The second site we visited was in many ways more depressing, but ultimately inspiring and very encouraging. We visited Abna Mensah*, an HIV positive woman who was working as a local caregiver for World Vision. She spoke to us about her initial fears of death and the stigma associated with those afflicted by AIDS. Before linking up with World Vision, who now pay for her anti-retrovirals, she was very sick and had little hope that she would live beyond a few months. Now, Abna is healthy again and is optimistic for her future. Abna very candidly shared her worries about revealing her status within the community and the impossibility of her speaking out there. This clashed with her great desire to give people hope by informing them that there are drugs that will dramatically prolong life.

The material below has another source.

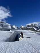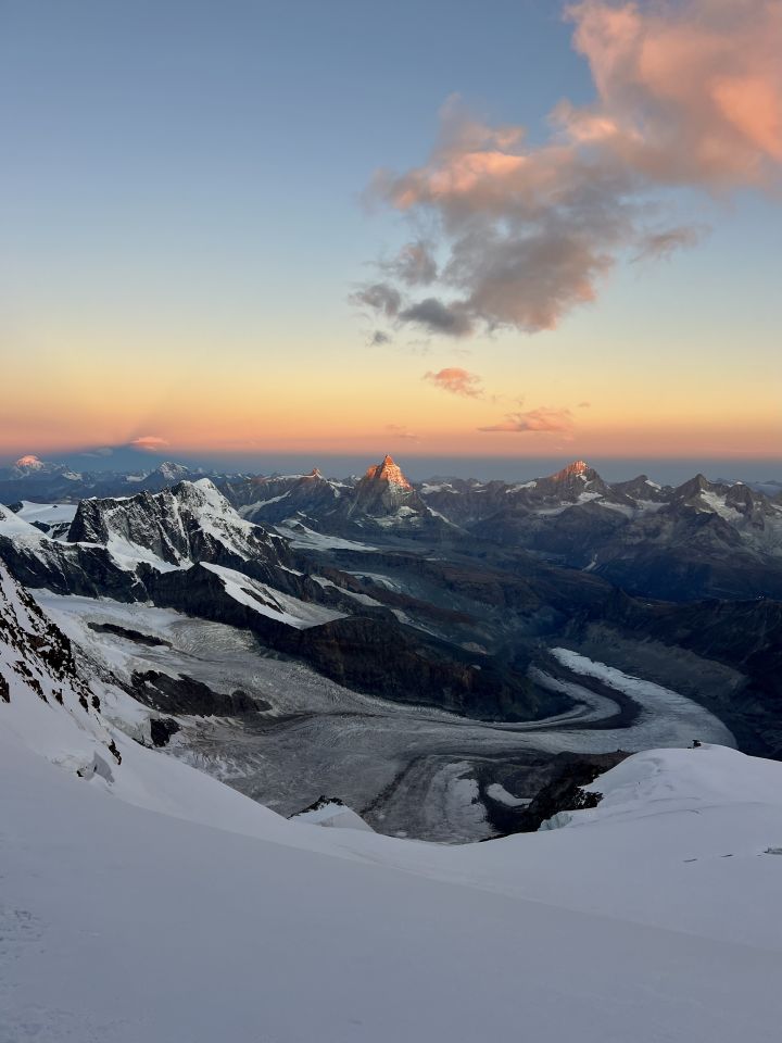 Start um 3:30 ab der Hütte bei erstaunlich warmen Temperaturen. Kurze Spaltenzone auf aperem Gletscher unschwierig passiert, danach der klaren Spur bis auf den Sattel gefolgt. Wunderbarer Sonnenaufgang mit dem erreichen vom Sattel um 7:12.

She reconciled this by working with World Vision, through which she speaks with people from outside her own community.

We briefly interviewed a second woman from the same village who was also suffering from AIDS. This woman was in the later stages of the disease and had no hope for her future. In a tiny voice, she related how she felt that her case was hopeless; then she broke down into tears. She got up, left the compound and wandered without direction back and forth down the main street. Abna told us that this woman didn't yet believe that people could help her and had given up on life. Yet, they had made progress and felt that they were slowly breaking through and giving her something to live for. Despite my misgivings about the long term sustainability of previous projects that we had seen, as well as my great concern about Abna's future and her ability to pay for the necessary drugs if World Vision pulls out, observing first hand the hope that this project had given Abna and those that she has helped in the capacity of a caregiver is indisputable and must be commended.